De tamaño mediano —unos 75 centímetros de largo más una cola de 25 centímetros, y entre 15 y 20 kilos de peso—; 100 % vegetarianos; con hábitos familiares, ya que viven en parejas junto a una o dos camadas de crías (cada pareja suele tener un par de descendientes al año); territoriales y con una longevidad limitada a cinco o seis años, los castores no hacen más que reproducir en el extremo sur del mundo el comportamiento que evolutivamente aprendieron a hacer en sus hábitats del norte. Estos roedores construyen sus madrigueras con la boca de acceso sumergida para dificultar el acceso de sus depredadores, sin importar que no tengan alguno en Tierra del Fuego. Para ello necesitan aguas más o menos tranquilas, que consiguen a partir de la creación de pequeñas represas. Con sus cuatro poderosos dientes incisivos roen los troncos de los árboles hasta voltearlos y con ellos fabrican los diques. La diferencia, con respecto a su entorno original, es que la naturaleza circundante no responde del mismo modo. La consecuencia es un profundo desequilibrio ecosistémico.

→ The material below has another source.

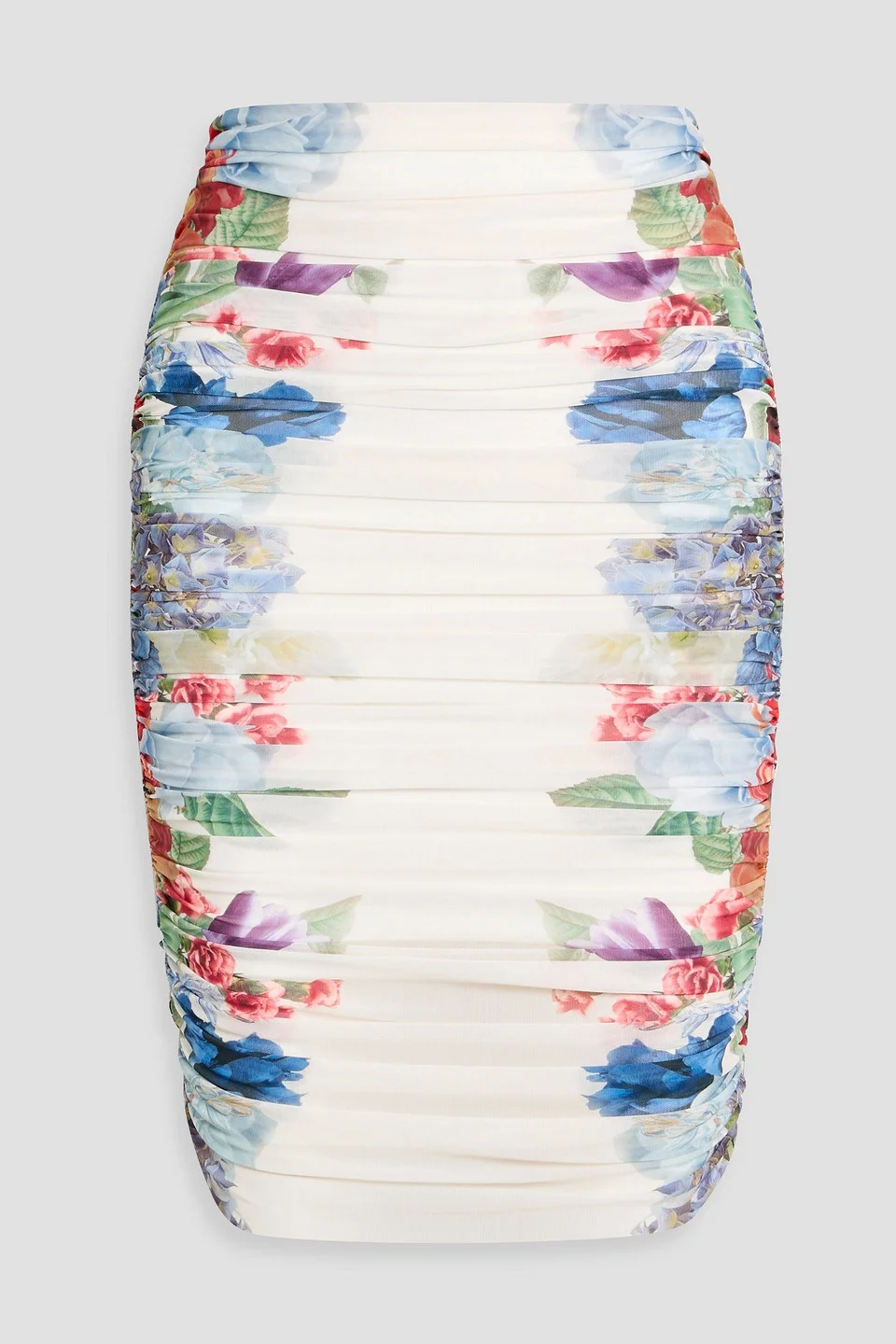 Skirt floral-print mesh ruched fully lined zip fastening along back lightweight, stretchy fabric dry clean imported 90% Polyester 10% Elastane Product Code 46376663163075563

“Los árboles de la Patagonia —coihues, lengas, ñires, raulíes, entre otros— pertenecen todos al género Nothofagus que no pueden vivir en un humedal y demoran varias décadas en crecer. En cambio los pinos en Estados Unidos o Canadá crecen en cinco años”, subraya Alejandro Valenzuela. El resultado es demoledor: una vez que las lagunas artificiales se van drenando, los pastos —algunos también exóticos— ocupan el lugar del bosque, convirtiéndolo en lo que se denomina una “pradera de castor”. “Como se trata de un animal cuya vida transcurre junto a los cursos de agua, el principal impacto ecológico que ha producido es una transformación del paisaje de todo el archipiélago en las riberas de ríos y arroyos. Los castores son ‘ingenieros de ecosistemas’, construyen diques con troncos, crean lagunas y, en definitiva, fragmentan el bosque ribereño”, resume Anderson. El cambio es tan considerable que el propio investigador lo considera “el mayor impacto en el paisaje de la isla desde el retroceso de la última glaciación. Se estima que hay unas 40.000 hectáreas de bosque afectadas”.

Un parásito intestinal

Pero la presencia de los castores no se detiene en las zonas arboladas. En áreas sin tanta vegetación, como las estepas del norte de Isla Grande o las alturas montañosas, modelan sus espacios con piedras y barro, y satisfacen su necesidad roedora con los postes que sostienen los alambrados de las haciendas. Su actividad también afecta a las turberas, humedales compuestos por material orgánico muerto o en descomposición, de enorme valor por su capacidad para retener dióxido de carbono. Y en pueblos como Porvenir, el más populoso del sector chileno de la Isla Grande, se ha detectado que pueden contaminar el agua de consumo con Giardia lamblia, un parásito intestinal transmisible de animales a humanos. Las consecuencias que ha provocado la presencia del castor en estas tierras promueve un caso sin antecedentes en el mundo: toda campaña destinada a combatir a esta especie invasora y restaurar los bosques tiene que ser compartida por Argentina y Chile. “Los esfuerzos sí o sí deben ser binacionales. Si Chile no actúa, a Argentina no le valdrá nada lo que haga, y viceversa”, confirma Arredondo, de WCS Chile. (Rodolfo Chisleanschi, Mongabay).